Mediasi Berulang Tanpa Hasil
Berbagai forum penyelesaian sengketa telah digelar dalam beberapa tahun terakhir. Pemerintah Kabupaten Kotawaringin Timur menjadwalkan rapat penyelesaian klaim lahan pada 30 September 2025. Verifikasi lapangan kemudian dilakukan pada 4 Februari 2026 dengan melibatkan Camat Telawang dan Asisten I Sekretariat Daerah Kotawaringin Timur.
Pada 22 Mei 2026, Sekretaris Daerah Kotawaringin Timur kembali memimpin fasilitasi penyelesaian konflik. DPRD Kotawaringin Timur juga menggelar rapat dengar pendapat pada 26 Mei 2026 untuk meminta penjelasan perusahaan terkait kewajiban plasma.

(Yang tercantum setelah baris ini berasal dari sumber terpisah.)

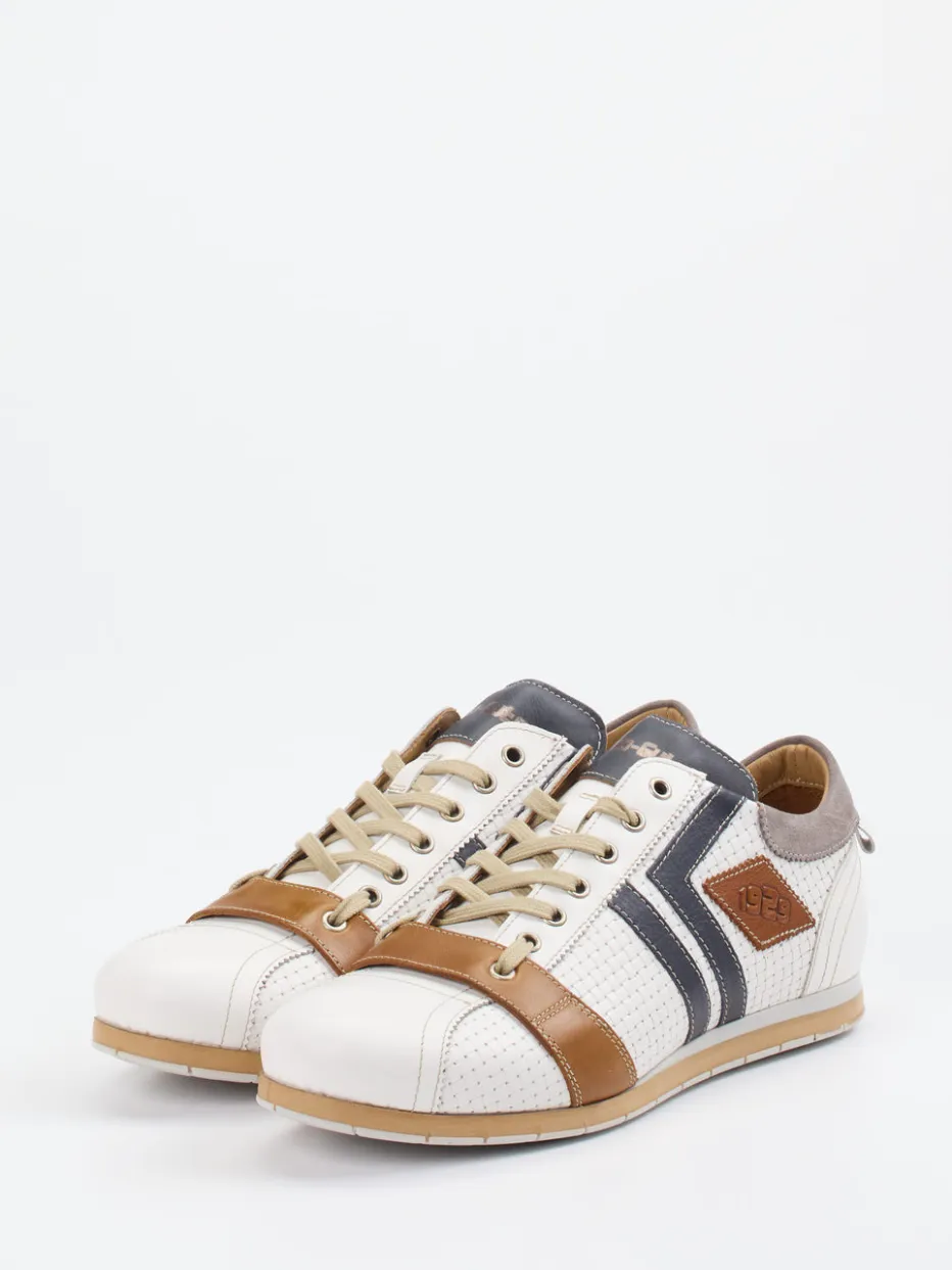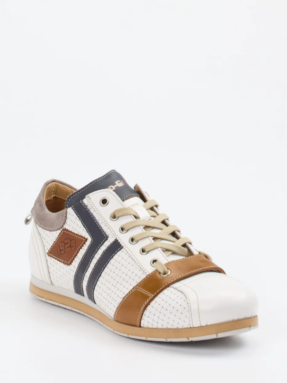 Ideal für entspannte Alltagsmomente verbindet dieser Low-Top-Sneaker weißes Glattleder mit samtig angeschliffenen Velourslederbesätzen in Cognacbraun und Dunkelblau. Die Flechtoptik verleiht ihm eine individuelle Note im Retro-Stil, während die klassische Silhouette, die Schnürung und ein gepolsterter Fersenbereich Bequemlichkeit sichern. Die Gummisohle sowie das ledergefütterte Wechselfußbett bieten angenehme Trageeigenschaften. Inspiriert von Vintage-Sportswear ist dieses Modell ein vielseitiges Stil-Statement – etwa zu Chinos oder Hoodie.
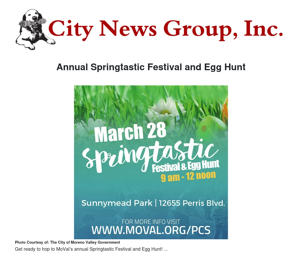 Spring is in the air, and families across Moreno Valley are invited to celebrate the season at the city’s annual Springtastic Festival and Egg Hunt on Saturday, March 28.
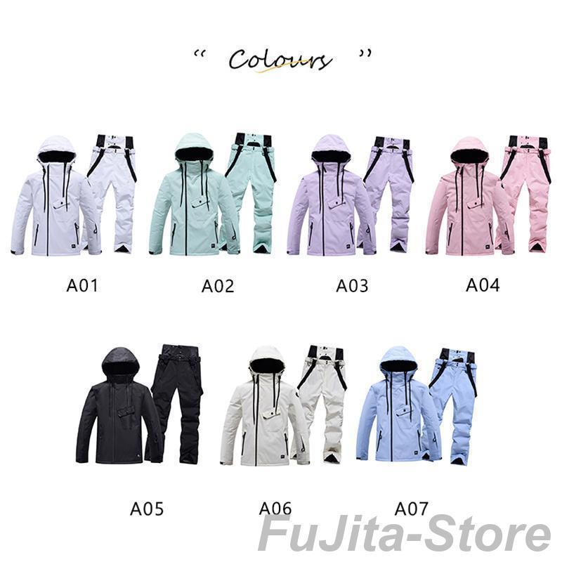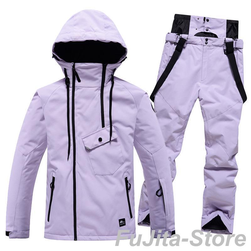 スキーウェア スノーボードウェア 上下セット 無地 ユニセックス ジャケット オーバーオール ウェア 動きやすい 撥水 厚手 防寒 防風 レディースウェア
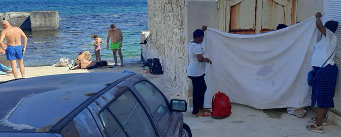 Italian beaches are "liberal" with nudity quite common and nobody has much complex about stripping off. Our African sisters set a far more modest example, again to the curiosity of the local Italians, with two of them holding up a sheet for the sisters to change behind, seeing they were baptized fully clothed and then changed into another set of clothes:
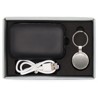 Подарочный набор в элегантной цветной картонной коробке серого цвета с конструкцией крышка-дно. Внутри расположены аккуратно закрепленные на ложементе внешний аккумулятор емкостью 10000 мА·ч с быстрой зарядкой, и металлический карманный брелок. Внешний аккумулятор обладает компактным дизайном и обеспечивает надежный запас энергии для мобильных устройств в пути, а стильный металлический брелок станет практичным и эстетичным аксессуаром для ключей. Этот набор идеально подходит в качестве презента для тех, кто ценит удобство, качество и современный стиль.
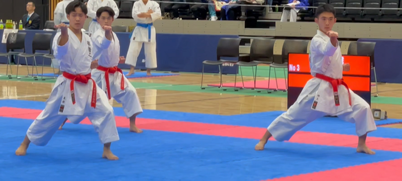 団体組手高校男子 Aチーム(2E上田、2MB桑島、2C若松)2位

Namun lima perusahaan perkebunan yang diundang tidak menghadiri rapat tersebut.
Menurut Gumarang, berbagai forum yang telah dilaksanakan belum menyentuh akar persoalan.
“Pemerintah menemui jalan buntu. Tidak bisa memberikan upaya mendamaikan kepada para pihak. Langkah-langkah yang dilakukan tidak menemukan jalan keluar,” ujarnya.
Ia mencontohkan hasil mediasi yang digelar Dinas Perkebunan Kalimantan Tengah pada 11 Mei 2026. Dalam forum itu disepakati agar Bagian Hukum Pemerintah Kabupaten Kotawaringin Timur dan Pemerintah Provinsi Kalimantan Tengah mengkaji gugatan PT BAP untuk memberikan perlindungan hukum kepada tiga tokoh masyarakat yang digugat.
Namun hingga perkara bergulir di Pengadilan Negeri Sampit, perlindungan hukum tersebut belum tampak direalisasikan.
“Jangan sampai pemerintah merasa regulasi yang ada sudah cukup. Padahal masih banyak kekurangan, baik dalam pelaksanaan, pengawalan, maupun mitigasi,” kata Gumarang.